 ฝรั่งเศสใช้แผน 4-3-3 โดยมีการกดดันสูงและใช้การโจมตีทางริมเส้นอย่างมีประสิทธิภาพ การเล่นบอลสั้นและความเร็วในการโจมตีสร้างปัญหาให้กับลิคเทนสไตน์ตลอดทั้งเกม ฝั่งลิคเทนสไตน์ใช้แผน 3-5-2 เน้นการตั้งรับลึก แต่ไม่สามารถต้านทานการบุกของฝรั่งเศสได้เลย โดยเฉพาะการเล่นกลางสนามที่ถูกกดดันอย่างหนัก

==

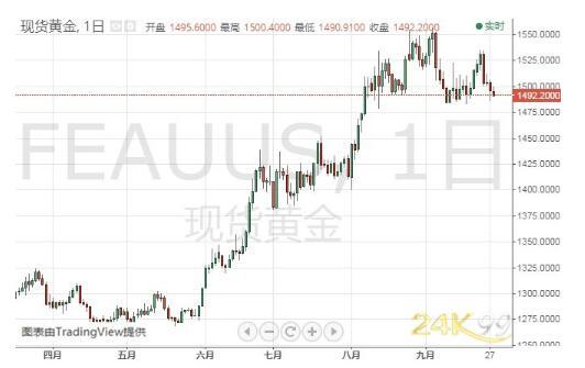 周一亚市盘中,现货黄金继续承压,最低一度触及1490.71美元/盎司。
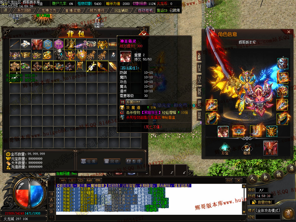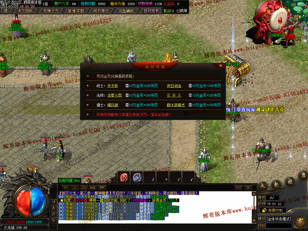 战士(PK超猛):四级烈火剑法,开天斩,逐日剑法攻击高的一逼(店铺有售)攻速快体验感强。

Task objective:
Of the lines above, copy only those from the one holding "周一亚市盘中,现货黄金继续承压,最低一度触及1490.71美元/盎司。" to the one holding "战士(PK超猛):四级烈火剑", both included, and exclude every image.

Your solution:
 周一亚市盘中,现货黄金继续承压,最低一度触及1490.71美元/盎司。
 战士(PK超猛):四级烈火剑法,开天斩,逐日剑法攻击高的一逼(店铺有售)攻速快体验感强。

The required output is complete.